Getting back to the numerator how have you accounted for benefit externalities that might show up in linkages and associated technological spillover effects, which are arguably key to the development of industry, banking and business services etc? (That is, indirect effects that cannot be accounted for through performance of the treatment or control group enterprises). OR how do you allow for possible contamination of the control group by technological spillovers generated by enterprises that receive awards?? (Apart from the fact hat Nigeria ia a big country and businesses may not meet face to face).
Id really appreciate understanding this since it is key to the validity of the rate of return analysis and by extension the value of business plans.

David McKenzie
September 29, 2015

This should really be posted as a comment to my post on the Nigeria business plan competition, not to the general technical topic links. But I couldn't figure out how to move where you had put the comment, so will answer here.
Short answer is that:
- the measures of impact take into account transaction costs to the winners, and any crowding out or crowding in of other funding, including matching funding provided by them and/or equity/loan finance that is crowded out. The paper shows a little bit of crowd-out of this other finance, and no evidence of crowding in.
- I am not able to measure the spillovers to the control group, and have to rely on it being a small number of winners spread throughout the country.
- the measure of the cost of the program includes both the cost of the grants and the cost of operating the program (approx $2 million in costs to hand out $58 million in grants).

GG
August 30, 2015

Great list - knew many of these posts but not others, great to have them all together in one place.
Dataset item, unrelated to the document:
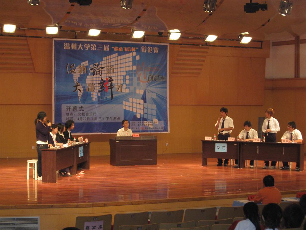 2009年4月22日晚18:30,体育学院参加了在BB贝博艾弗森官方网站北校音乐厅举行的由共青团BB贝博艾弗森官方网站委员会主办,共青团BB贝博艾弗森官方网站法政学院委员会承办,中国移动温州瓯海分公司赞助的BB贝博艾弗森官方网站第三届“移动飞信杯”辩论赛的预赛。体育学院应战演讲、辩论协会关于“大学生能力与社交能力哪个更重要”的论点。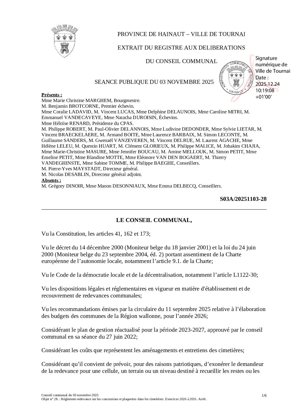 Le conseil communal du 3 novembre 2025 a arrêté les termes du règlement-redevance sur les concessions et plaquettes dans les cimetières.

Now David, a follow-up request. I knew your small N larg T paper and its ANCOVA recommendation, but I hadn't seen the posts by Lin on regression adjustment:
http://blogs.worldbank.org/impactevaluations/regression-adjustment-in-r…
A linear combination of both would be great, since "your" ANCOVA is a regrssion adjustment on a special case, averaged pre-treatment outcomes, and those may vary substantially with the outcomes and the treatment effects...
Thanks!

Gaurav D. Joshi
August 24, 2015

Fully Agree with Homira. Thanks a ton David for showing the way. Hope other interesting topics will also have one such 'one-stop-shop'.

Homira Nassery
August 21, 2015

Truly outstanding knowledge management.

Barbara Bitondo
February 10, 2018

I’d welcome the Feb 2018 edition of this list!